The other Highland Park incidents happened in the 1970s, and one
occurred in 1985. The first alleged molestation in 1946 and the 1985
abuse would form bookends to Mr. Pruitt's long career.
The report said there were probably many more victims.
"For many, if not all, of his victims, his abuse left lifelong
injury," the report said.
The document also said Mr. Pruitt's wife, Virginia, "played an
active role in concealing the truth about her husband." She died
this year at 89.
At Highland Park Presbyterian, the responses included some doubt.
"With everybody dead, they can't prove or disprove anything, so from
that sense, it's a moot point," said the Rev.

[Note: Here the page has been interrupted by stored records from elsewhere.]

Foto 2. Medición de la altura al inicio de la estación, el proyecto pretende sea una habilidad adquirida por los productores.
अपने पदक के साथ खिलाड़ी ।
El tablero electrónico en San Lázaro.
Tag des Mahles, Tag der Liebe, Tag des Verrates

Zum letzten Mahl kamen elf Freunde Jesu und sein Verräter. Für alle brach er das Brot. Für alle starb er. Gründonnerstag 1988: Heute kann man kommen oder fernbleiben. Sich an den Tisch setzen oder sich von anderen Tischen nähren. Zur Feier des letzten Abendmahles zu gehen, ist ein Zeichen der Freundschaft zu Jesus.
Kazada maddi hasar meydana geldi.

Ron Scates, the
church's senior pastor, who had not read the report. "We're trying
to do whatever we can pastorally for the alleged victims. Those who
feel they were abused need to be cared for."
For the women who said they were abused decades ago, the report
represented another milestone in a 4-year-old ordeal since the first
accusations against Mr. Pruitt resurfaced.

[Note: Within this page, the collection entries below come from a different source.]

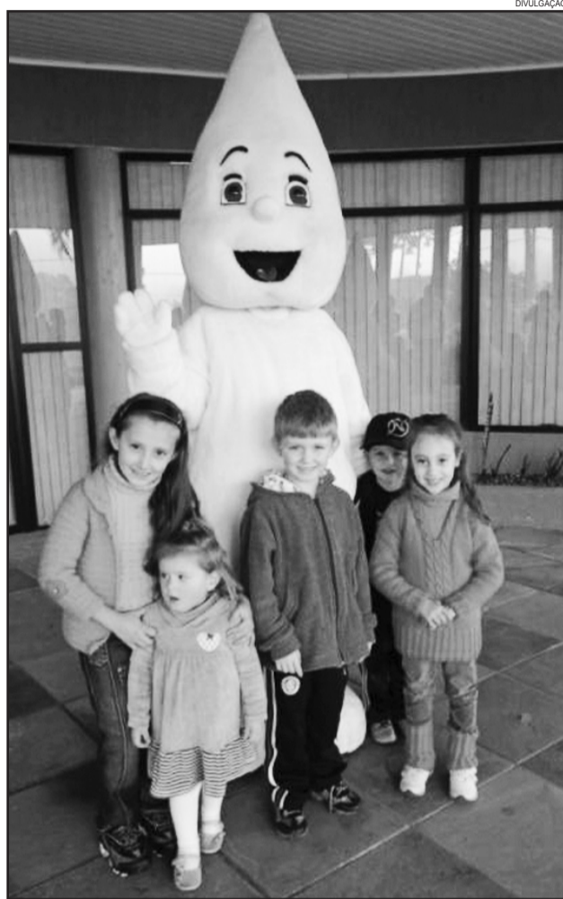
Campanha de Vacinação contra a Paralisia Infantil

A Campanha contra a Poliomielite se estende até o dia 21 de junho, próxima sexta-feira, e a dose da vacina é aplicada na sala de vacinas do Centro Municipal de Saúde, das 8h às 12h e das 13h30min às 17h30min. Os responsáveis deverão trazer a Carteira de Vacinação das crianças.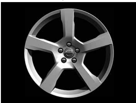
Cratus 8,0 x 18"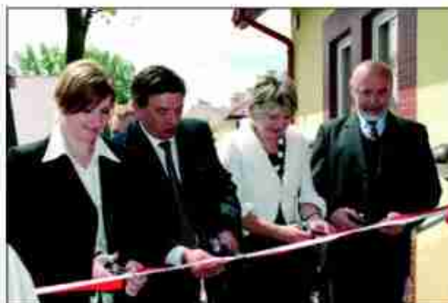
Budynek administracyjny dla GOPS i GZEAS otwarty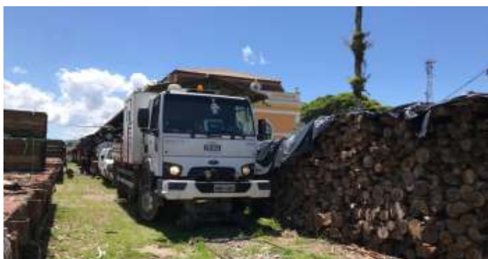
♦ Inspeção do trecho entre as estações de Antonina e Morretes, sendo utilizado um caminhão ferroviário da Rumo.

A nossa locomotiva Mogul nº. 11 passou por reparos no mancal do rodeiro guia. A locomotiva recebeu também, novos injetores, de modelo Comodoro. Já o tender da locomotiva, recebeu trabalhos de manutenção estrutural em seu chassi.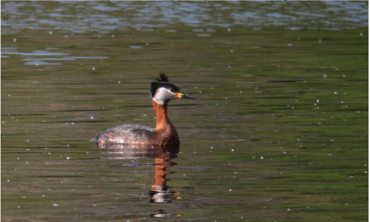
Grèbe jougris Podiceps grisegena , plum. nupt., mai 2016, Peyrelevade (19) R. Petit.

Absent en Limousin depuis 2010, le Grèbe jougris est homologué seulement pour la seconde fois. Le stationnement durant 5 jours de cet individu à Peyrelevade au mois de mai est étonnant. L'observation sur le lac de Vassivière est plus classique car généralement les observations sont hivernales et elles concernent de jeunes oiseaux. Ces dernières années, l'espèce se fait de plus en plus rare dans la région.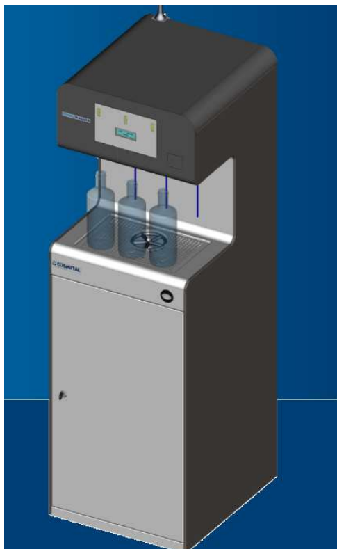
Dimensioni /Dimension (mm/inches)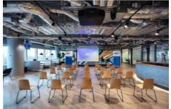
▲写真② Communication ゾーン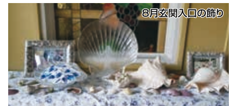
毎月毎に飾り付けを変え生徒さんに四季の大切さを伝える

家族は主人、長男、次男、三男、長女です。主人は45年前からペットショップとペットの美容室をやっています。今は長男も一緒です。次男は東京で獣医、三男は東京でバレエ指導を、長女と私がフジタバレエ研究所です。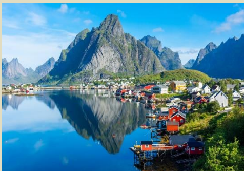
雷納『挪威最美麗村莊』

位處挪威西北部邊緣，以非凡卓越的漁業和自然景點以及遠離喧囂的小村莊聞名於世，紅色的傳統挪威漁屋 (Rorbuer) 是羅弗敦群島的特色。夏日的羅弗敦群島，翠綠的山巒延綿在湛藍的海面上，紅色的挪威漁屋點綴其間，宛如一幅生動的自然畫卷，讓人心醉神迷，也是世界各地旅客喜愛觀賞極光的城市之一。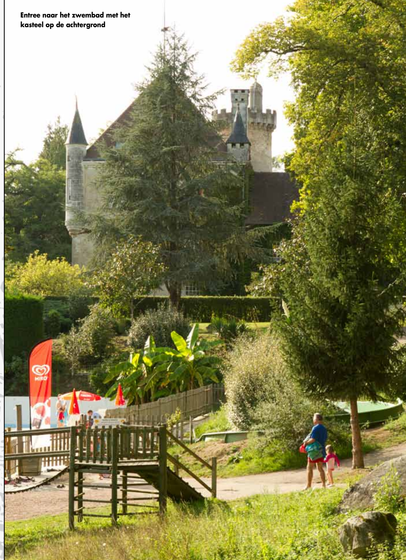
Entree naar het zwembad met het kasteel op de achtergrond

He died at age 88, ending by church law an investigation by the
denomination's regional body into the unfolding allegations and
disappointing the dozen women who had made accusations by that time.
Their cases were first reported by The Dallas Morning News.
The women continued to say they would rather promote truth than sue
the church, and the investigation eventually moved to the national
church with support from its large missionary division. "My hat is
off to the investigating committee," Pamela Pritchard, who was Mr.
Pruitt's first accuser in an original group of six, said Monday.
"I'm sure they came up against walls that needed to be knocked down
along the way. I'm impressed with their recommendations. They're
very workable, they're very real, and they can happen. But the
Presbyterian Church being what it is, a huge business, my fear is
that it'll stall."
National officials have said they don't want that to happen.
All speed vowed
Last week, the executive committee of the church's governing council
directed the council and the missionary division to apologize to
"the survivors" and tell them "we will work expeditiously to develop
or improve ways to prevent abuse in the future."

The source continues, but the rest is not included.